Following the Eric Garner verdict, New York cops can look forward to having their heads examined for
                                    “unconscious bias” by federal thought police unleashed by Attorney General Eric Holder.
The
                                    NYPD can expect to undergo the same kind of “de-biasing” training that Holder put departments in Seattle, New
                                    Orleans, St. Louis and several other cities through while investigating them for alleged civil rights violations.
Federal trainers teach cops not only to think twice about stopping or questioning suspects of color, but also to
                                    ignore signs of criminal behavior and threat indicators they’ve gleaned from years of street experience. That puts their
                                    own lives in danger — and risks the safety of residents.
The Justice Department’s
                                    unprecedented shift from prosecuting intentional discrimination to investigating unconscious or “implicit” bias
                                    began long before Ferguson, Mo. It’s part of a “racial justice” movement launched by the Obama administration
                                    to “reform” the criminal justice system. 

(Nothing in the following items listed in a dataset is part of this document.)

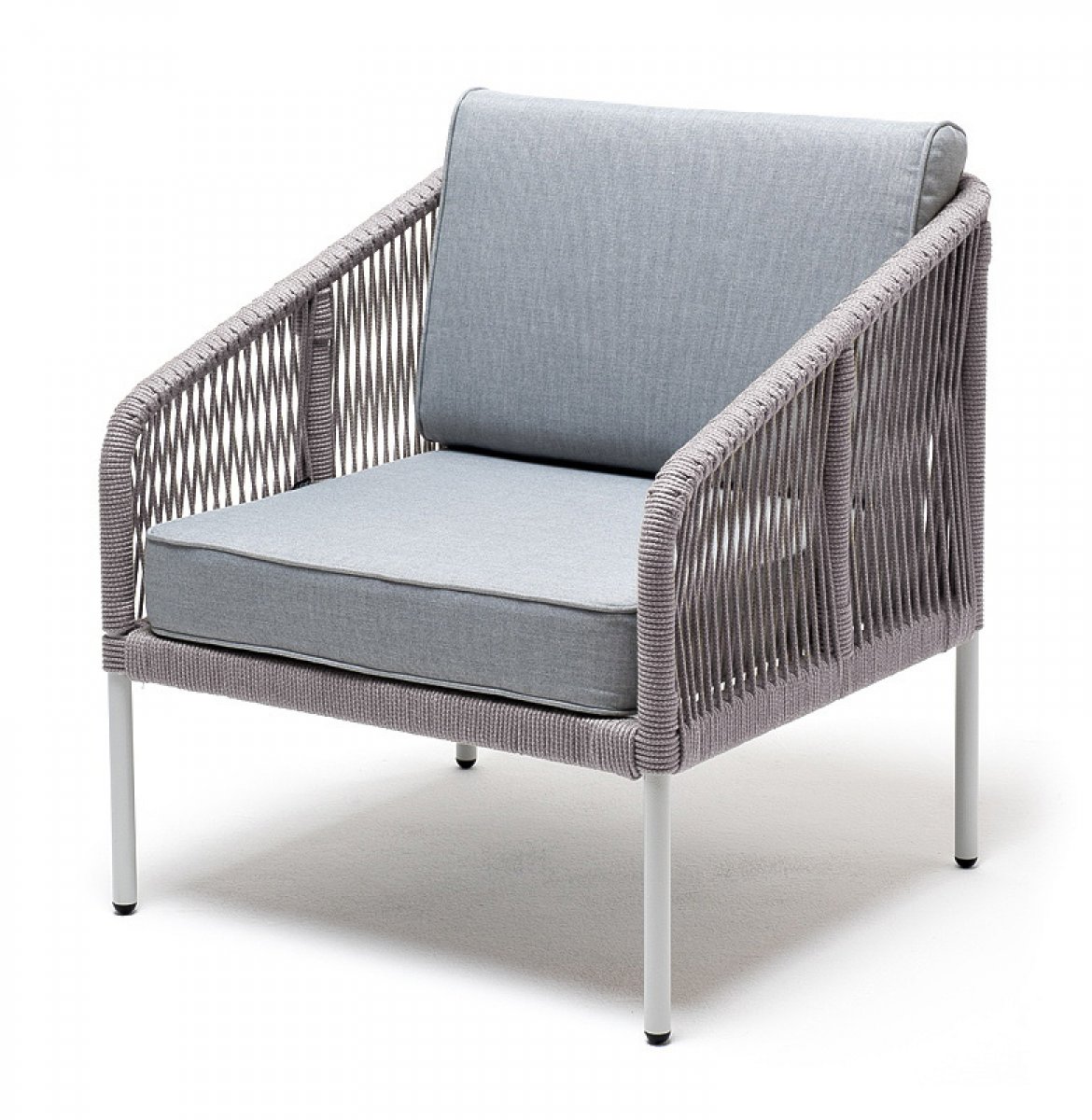 "Канны" кресло плетеное из роупа, каркас алюминий светло-серый (RAL7035) муар, роуп светло-серый круглый, ткань светло-серая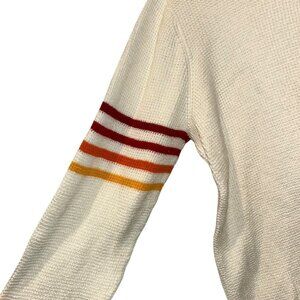 Faherty white waffle knit warm rainbow reds orages stripes trim sweater M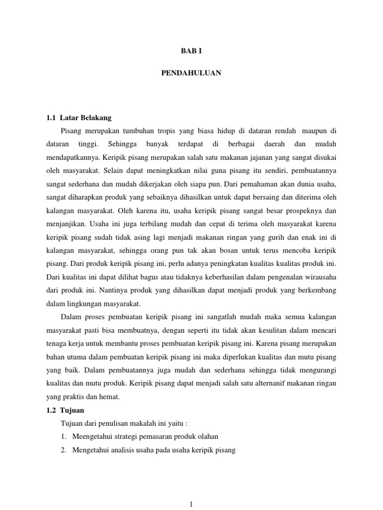 Selain dapat memenuhi kebutuhan masyarakat juga membuka peluang usah a bagi masyarakat untuk berwirausaha. Makalah usaha kecil keripik pisang. Contoh proposal usaha keripik pisangthe papa chips sendiri adalah singkatan dari panganan palu, dalam olahan keripik pisang. Bermitra dengan bumn atau perusahaan swasta yang sudah memiliki manajemen, usaha berjalan minimal 2 tahun dan sertakan proposal. Pisang adalah nama umum yang diberikan pada tumbuhan terna raksasa berdaun besar memanjang dari suku musaceae.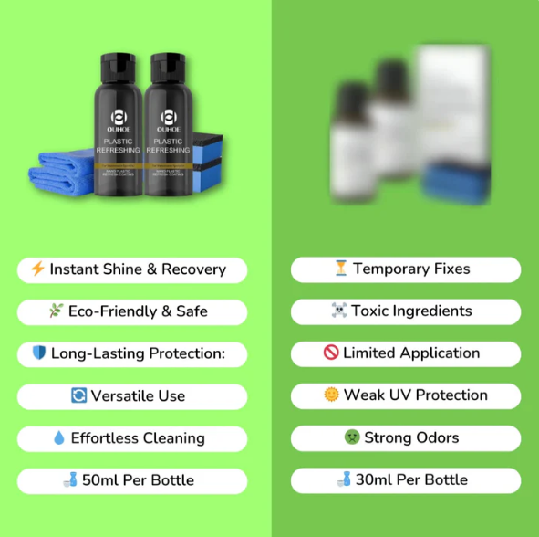 ✨Effective Restoration & Refresh in minutes plastic repair agent can be used for a long time! You'll be amazed by even the toughest car wash and the worst rain and snow!

In the past five years, Holder has
                                    more than doubled the number of police department probes compared with the previous five years, opening more than 20 investigations
                                    and pressuring 15 consent orders to stop “biased policing” and other alleged violations.
What’s
                                    striking about these federally mandated orders is the lack of evidence investigators found to show cops stopped and arrested
                                    black people simply because of bias. They assumed, but couldn’t prove, they targeted blacks due to an automatic and
                                    unfair association between them and crime and not because they actually committed crimes.